Identifying and Quantifying the Intermediate Processes during Nitrate-Dependent Iron(II) Oxidation

Microbially driven nitrate-dependent iron (Fe) oxidation (NDFO) in subsurface environments has been intensively studied. However, the extent to which Fe(II) oxidation is biologically catalyzed remains unclear because no neutrophilic iron-oxidizing and nitrate reducing autotroph has been isolated to confirm the existence of an enzymatic pathway. While mixotrophic NDFO bacteria have been isolated, understanding the process is complicated by simultaneous abiotic oxidation due to nitrite produced during denitrification. In this study, the relative contributions of biotic and abiotic processes during NDFO were quantified through the compilation and model-based interpretation of previously published experimental data.

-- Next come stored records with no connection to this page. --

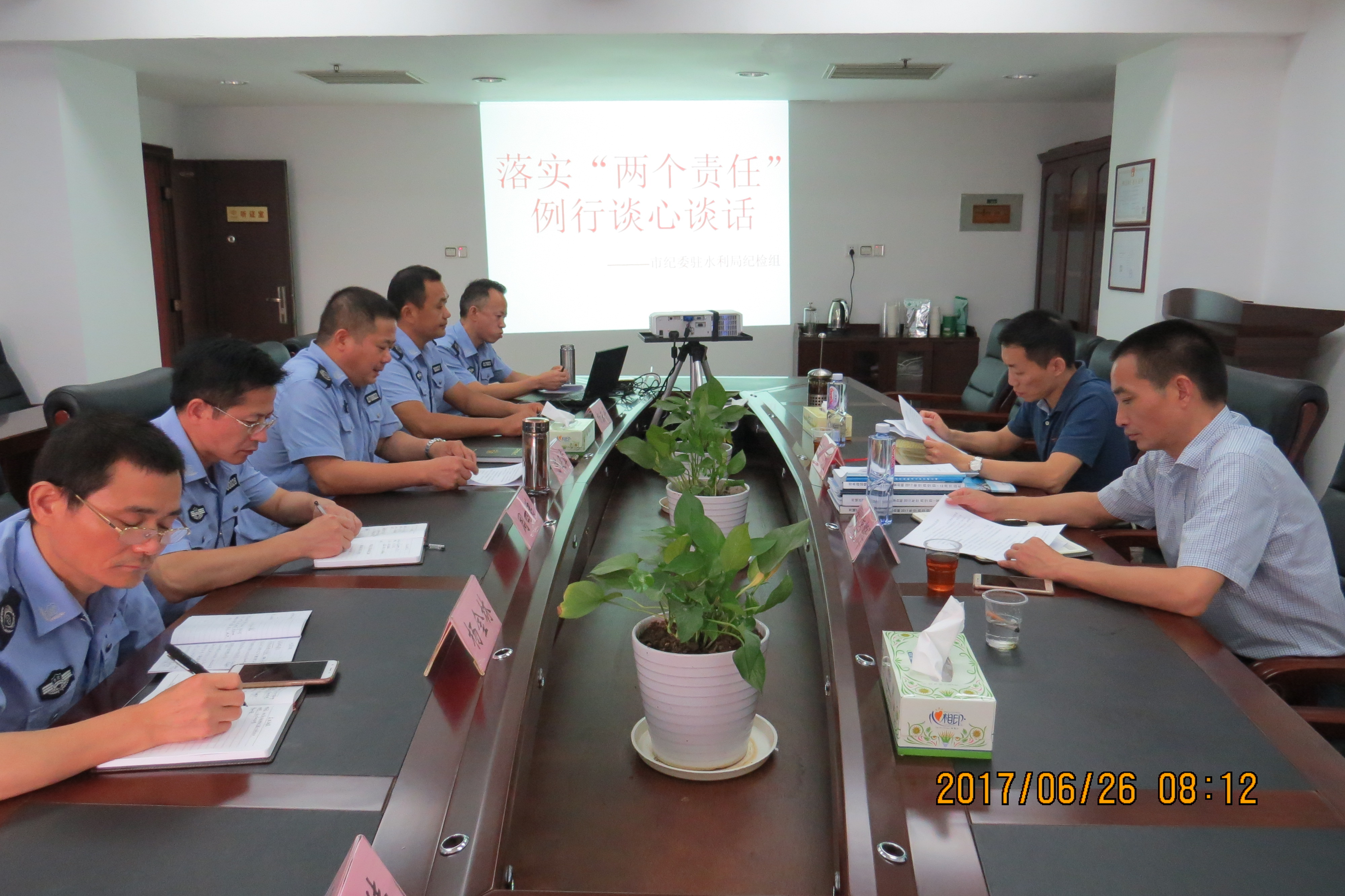 6月26日上午,市纪委驻市水利局纪检组组长邹凯、副组长罗晓辉到市水政监察支队开展落实“两个责任”例行谈心谈话活动。
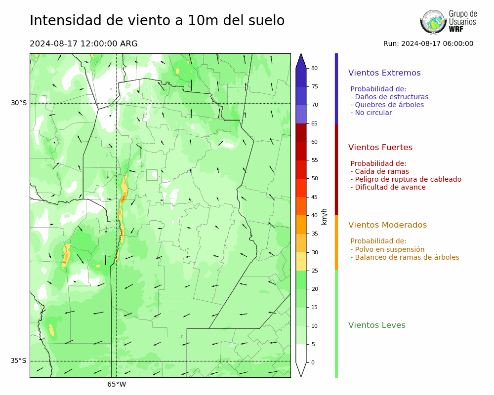 • Intensidad máxima: 17.77 km/h (17/08/2024 18hs.)
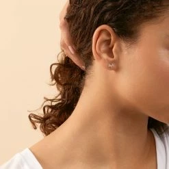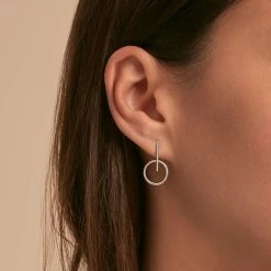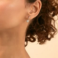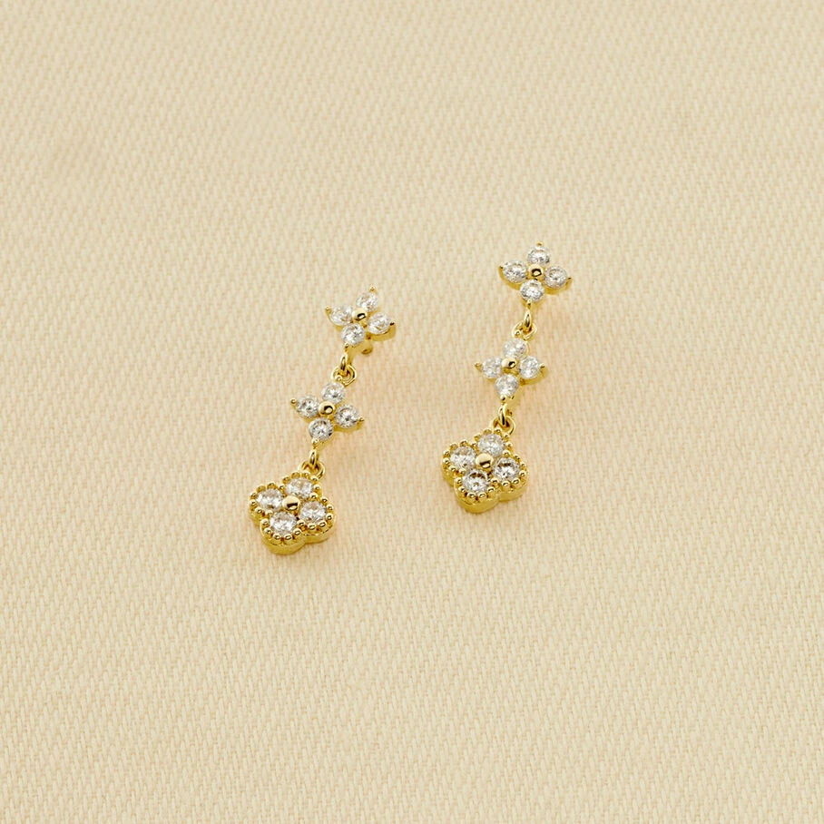 Boucles d’oreilles mi-longues, en argent véritable doré 750/1000, constituées d’un dégradé de 3 fleurs d’oxydes de zirconium et d’un fin graineti sur le pourtour
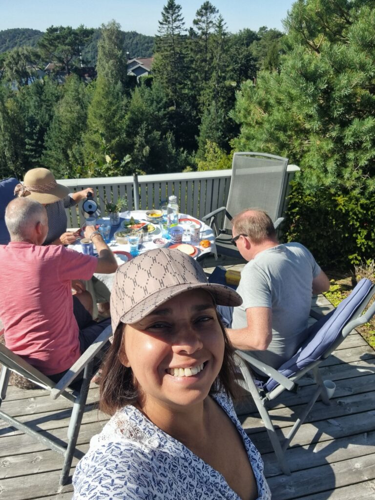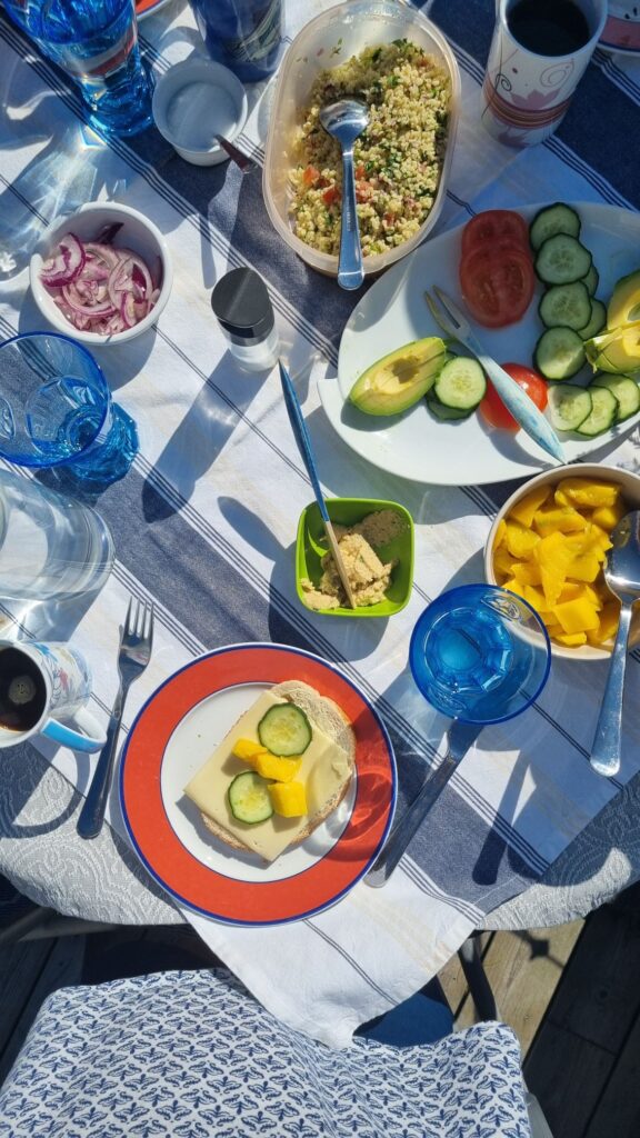 Vi nyter en deilig frokost på søndagen, ute, i steikende sol.
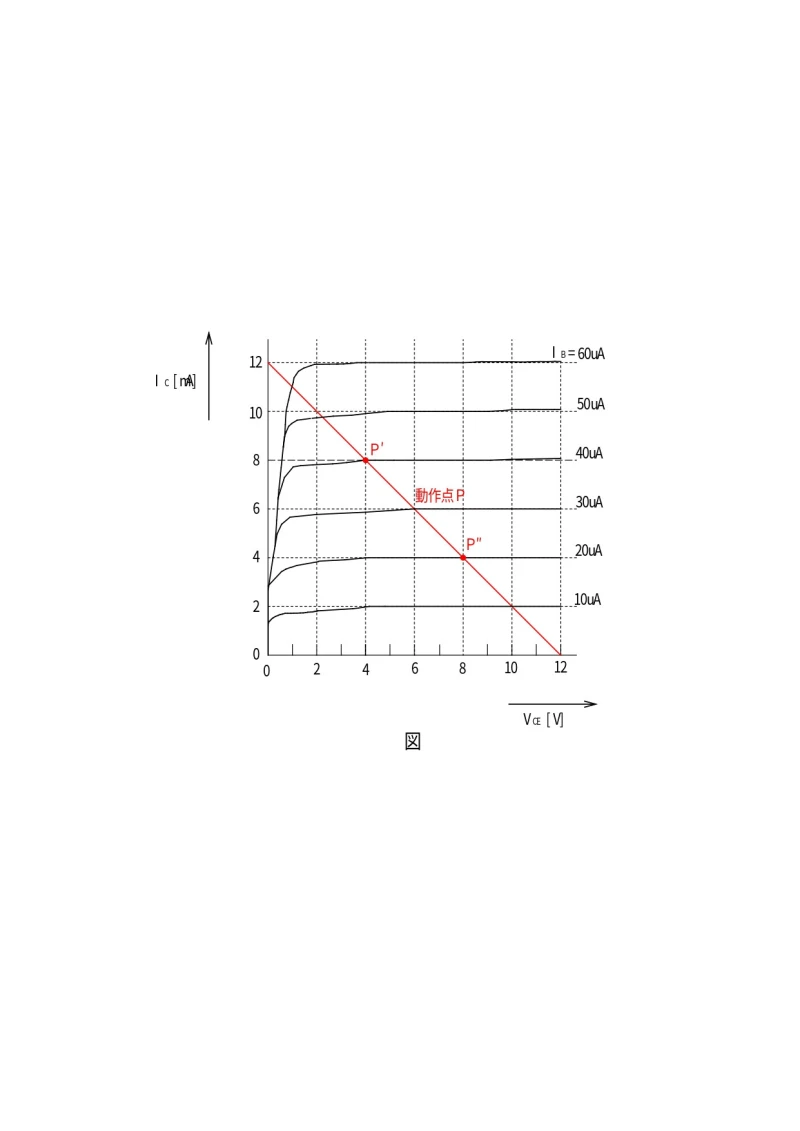 上記図は前問で求めた動作点Pを中心にしてベース電流IB=40μAの時の動作点P´とIB=20μAの時の動作点P´´を結んだ負荷線となります。
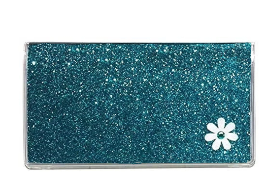 3 Year 2026 - 2028 Glitter with White Flower Pocket Calendar Planner (Teal White)
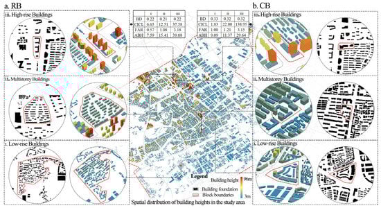 For other density factors, previous research has mainly focused on the relationship between residential land density indicators and carbon emissions, with differences primarily observed in terms of building density [,]. As density is a quantitative indicator that describes the urban form and has significant three-dimensional characteristics, this study aimed to further clarify the relationship between the building density (BD) and the CICL by analyzing the spatial form of blocks. First, based on Table 2, we extracted and compared the SD values reflecting the dispersion of the density indicators (Figure 6). We found that three indicators reflecting the building height on construction land, namely, the ABH, HBH, and SDBH, had very high discretization levels. Additionally, the variation in the building height on the RB and CB was significantly greater than that on the PB, indicating that the three-dimensional spatial diversity of the RB and CB was much higher than that of the PB, suggesting a certain level of convergence in the spatial form of the PB. When we selected three typical blocks separately from the RB and CB, with similar levels of BD, we observed significant differences in the spatial forms of the same block type, representing three common spatial patterns in cities: high-rise, multi-story, and low-rise buildings. Figure 7 clearly demonstrates the differences in the spatial patterns of the blocks at similar levels of BD in the RB and CB. We found that the carbon emission intensity increased for the selected RB units as the FAR and ABH increased. However, due to the differences in the three-dimensional spatial form (Figure 7a), the BD remained unchanged, indicating no correlation between the BD and CIRB. This finding was similarly observed in the CB (Figure 7b). However, the significant driving effect of the interaction of these factors on the CICL indicated that the influence of the BD may be mediated, meaning that the driving impact of the BD needs to be manifested significantly through interactions with factors such as the FAR and ABH. The convergence of the three-dimensional spatial form on the PB also resulted in a correlation between the BD and CIPB. Overall, the spatial form of specific land types affects the relationship between density factors and the CICL. This result aligns with existing research conclusions that “different community forms, such as BD and building form, have varying effects on residential energy consumption” [,]. This study also discovered that this characteristic applies to other land types.
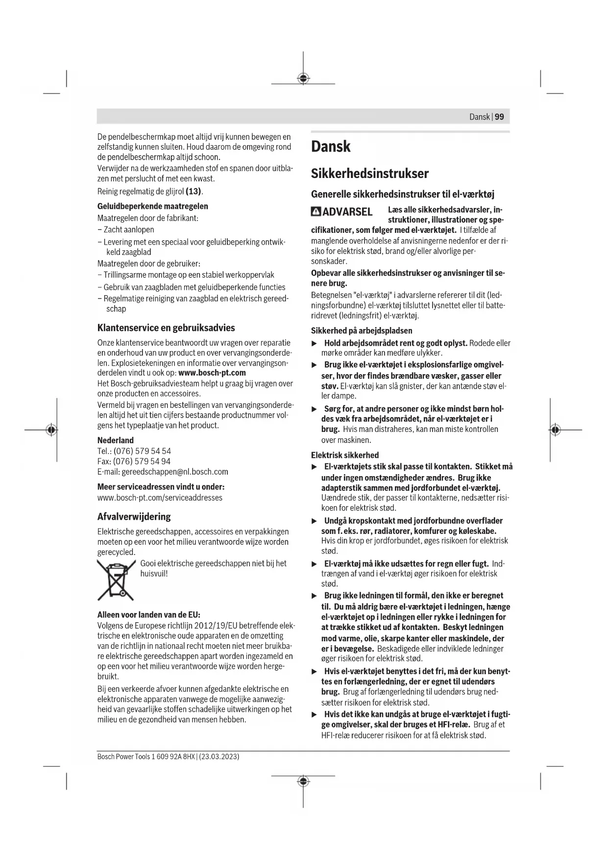 45°; 30°; 22,5°; 15° 15°; 22,5°; 30°; 45° – Draai de vastzetknop (18) los, als deze is vastgedraaid. – Trek aan de hendel (19) en draai de zaagtafel (14) tot aan de gewenste inkeping naar links of rechts. – Laat de hendel weer los. De hendel moet merkbaar in de inkeping vastklikken. – Draai de vastzetknop (18) weer vast. Willekeurige horizontale verstekhoeken instellen (zie afbeelding K) De horizontale verstekhoek kan in een bereik van 48° (linker- zijde) tot 48° (rechterzijde) worden ingesteld. – Draai de vastzetknop (18) los, als deze is vastgedraaid. – Trek aan de hendel (19) en duw tegelijkertijd op de ver- grendelklem (17) tot deze in de daarvoor bestemde groef vastklikt. Daardoor kan de zaagtafel vrij bewegen. – Draai de zaagtafel (14) met de vastzetknop naar links of rechts tot de hoekaanduiding (58) de gewenste horizon- tale verstekhoek aangeeft. – Draai de vastzetknop (18) weer vast. – Om de hendel (19) weer los te maken (voor het instellen van horizontale standaard verstekhoeken), trekt u de hendel omhoog. De vergrendelklem (17) springt in zijn oorspronkelijke positie terug en de hendel (19) kan weer in de inkepingen (22) vastklikken. Verticale verstekhoeken instellen De verticale verstekhoek kan in een bereik van 47° (linkerzij- de) tot 47° (rechterzijde) worden ingesteld. Voor het snel en nauwkeurig instellen van vaak gebruikte ver- ticale verstekhoeken zijn vaste posities voor de hoeken 0°, 22,5° en 45° aangebracht. – Zorg ervoor dat het klemwiel(45) gemonteerd is (zie „Klemwiel monteren (zie afbeeldingA2)“, Pagina93). Bosch Power Tools 1 609 92A 8HX | (23.03.2023)96 | Nederlands Verticale standaard verstekhoeken instellen (zie afbeeldingL) – Trek de verstelbare aanslagrails (28) helemaal naar bui- ten of verwijder ze helemaal. – Draai het klemwiel (45) los. – Trek de vastzethendel (46) naar buiten en laat deze in de vrijloopstand vastklikken. Daardoor kunt u het volledige verticale verstekhoekbereik (links en rechts) gebruiken. – Draai de gereedschaparm aan de handgreep (9) naar links of rechts tot de hoekaanduiding (30) de gewenste verticale standaard verstekhoek aangeeft. – Draai de vastzethendel (46). De vastzethendel moet voel- baar in de positie van de gewenste verticale standaard verstekhoek vastklikken. – Draai het klemwiel (45) weer vast. Willekeurige verticale verstekhoeken instellen – Trek de verstelbare aanslagrails (28) helemaal naar bui- ten of verwijder ze helemaal. – Draai het klemwiel (45) los. – Trek de vastzethendel (46) naar buiten en laat deze in de vrijloopstand vastklikken. Daardoor kunt u het volledige verticale verstekhoekbereik (links en rechts) gebruiken. – Draai de gereedschaparm aan de handgreep (9) naar links of rechts tot de hoekaanduiding (30) de gewenste verticale verstekhoek aangeeft. – Draai het klemwiel (45) weer vast. Ingebruikname u Let op de netspanning! De spanning van de stroombron moet overeenkomen met de gegevens op het typeplaatje van het elektrische gereedschap. u Draai de vastzetknop (18) en het klemwiel (45) vóór het zagen altijd stevig vast. Het zaagblad kan anders in het werkstuk schuin wegdraaien. Werklicht inschakelen Het werklicht verbetert het zicht in het directe werkbereik. U kunt zeer goede zaagresultaten verkrijgen door het werklicht samen met de markering van de zaaglijn door de laserstralen te gebruiken. – Schakel het werklicht met de schakelaar (6) in. u Kijk niet recht in het werklampje, het kan u verblin- den. Inschakelen (zieafbeeldingM) – Voor het inschakelen van het elektrische gereedschap schuift u eerst de inschakelblokkering (7) naar het mid- den en drukt u vervolgens op de aan/uit-schakelaar (8) en houdt u deze ingedrukt. Aanwijzing: Om veiligheidsredenen kan de aan/uit-schake- laar (8) niet vergrendeld worden, maar moet tijdens het ge- bruik voortdurend ingedrukt blijven. Uitschakelen – Voor het uitschakelen laat u de aan/uit-schakelaar (8) los. Soft Start De Soft Start begrenst het vermogen bij het inschakelen van het elektrische gereedschap en maakt het gebruik met een zekering van 16A mogelijk. Aanwijzing: Als het elektrische gereedschap direct na het inschakelen met vol toerental draait, dan is de Soft Start uit- gevallen. Het elektrische gereedschap moet zo spoedig mo- gelijk naar de klantenservice opgestuurd worden. Zagen Algemene aanwijzingen voor het zagen u Draai de vastzetknop (18) en het klemwiel (45) vóór het zagen altijd stevig vast. Het zaagblad kan anders in het werkstuk schuin wegdraaien. u Elke keer wanneer u zaagt, moet u eerst controleren dat het zaagblad op geen enkel moment de aansla- grail, lijmklemmen of andere onderdelen van het ge- reedschap kan raken. Verwijder eventueel gemon- teerde hulpgeleiders of pas deze op de juiste wijze aan. Bescherm het zaagblad tegen schokken en stoten. Oefen geen zijwaartse druk op het zaagblad uit. Zaag alleen materialen die volgens het beoogd gebruik toe- gestaan zijn. Bewerk geen kromgetrokken werkstukken. Het werkstuk moet altijd een rechte rand hebben om tegen de aanslagrail te leggen. Ondersteun lange en zware werkstukken door er iets onder te leggen. Zorg ervoor dat de pendelbeschermkap correct werkt en vrij kan bewegen. Als de gereedschaparm omlaag wordt bewo- gen, moet de pendelbeschermkap opengaan. Als de gereed- schaparm omhoog wordt bewogen, moet de pendelbe- schermkap boven het zaagblad weer sluiten en in de boven- ste positie van de gereedschaparm vergrendelen. Positie van de gebruiker (zie afbeelding N) u Ga niet op één lijn met het zaagblad vóór het elektri- sche gereedschap staan, maar altijd opzij van het zaagblad. Zo is uw lichaam beschermd tegen een moge- lijke terugslag. – Houd uw handen, vingers en armen uit de buurt van het ronddraaiende zaagblad. – Kruis uw handen niet vóór de gereedschaparm. Zagen met afkortbeweging – Voor zagen met behulp van de afkortvoorziening (2) (bre- de werkstukken) draait u de vastzetschroef (1) los, als deze is vastgedra
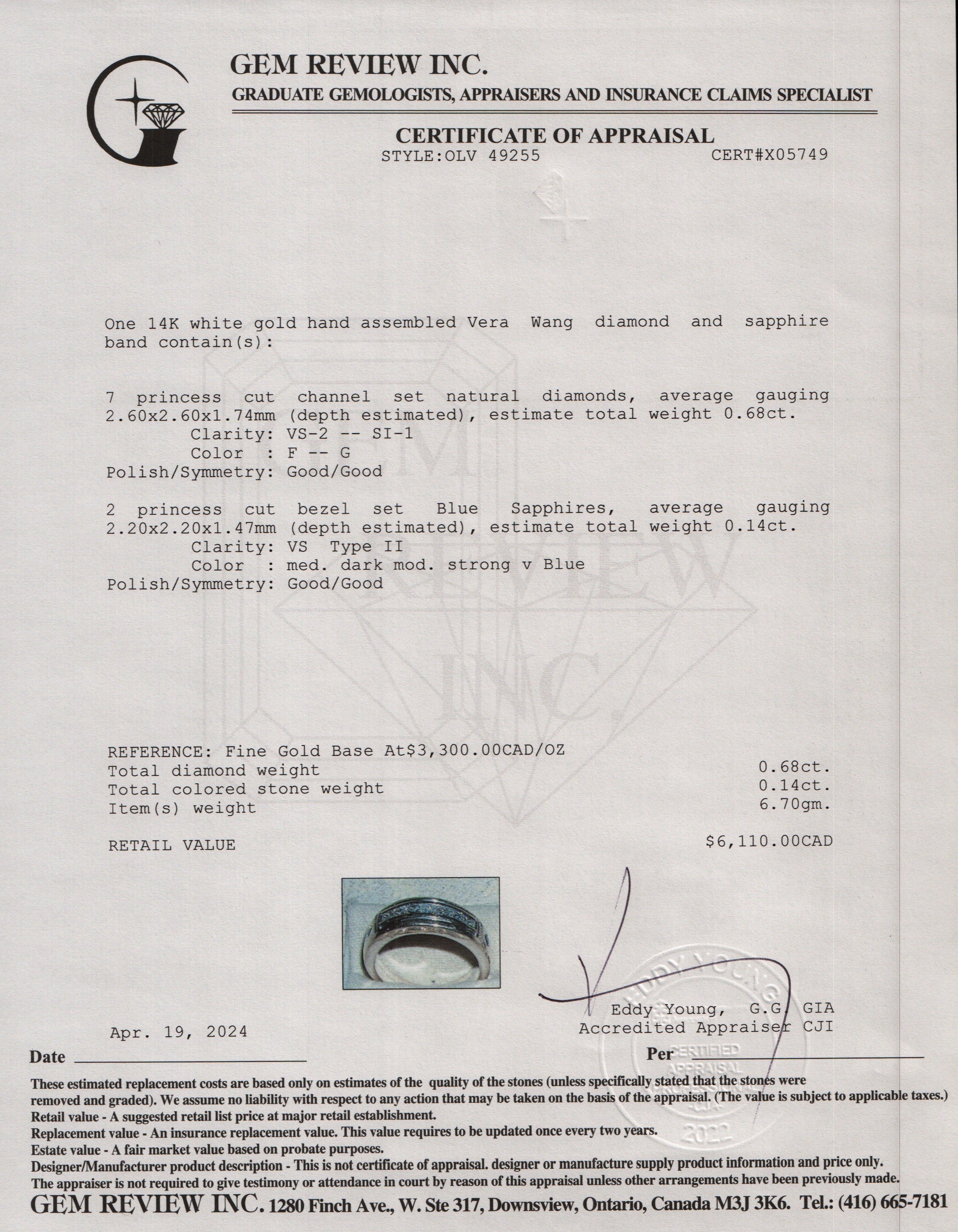14k White Gold Diamond & Sapphire Band Ring, Size 8.75

The kinetics of chemical denitrification by Fe(II) (chemodenitrification) were assessed, and compelling evidence was found for the importance of organic ligands, specifically exopolymeric substances secreted by bacteria, in enhancing abiotic oxidation of Fe(II). However, nitrite alone could not explain the observed magnitude of Fe(II) oxidation, with 60–75% of overall Fe(II) oxidation attributed to an enzymatic pathway for investigated strains: Acidovorax (A.) strain BoFeN1, 2AN, A. ebreus strain TPSY, Paracoccus denitrificans Pd 1222, and Pseudogulbenkiania sp. strain 2002. By rigorously quantifying the intermediate processes, this study eliminated the potential for abiotic Fe(II) oxidation to be exclusively responsible for NDFO and verified the key contribution from an additional, biological Fe(II) oxidation process catalyzed by NDFO bacteria.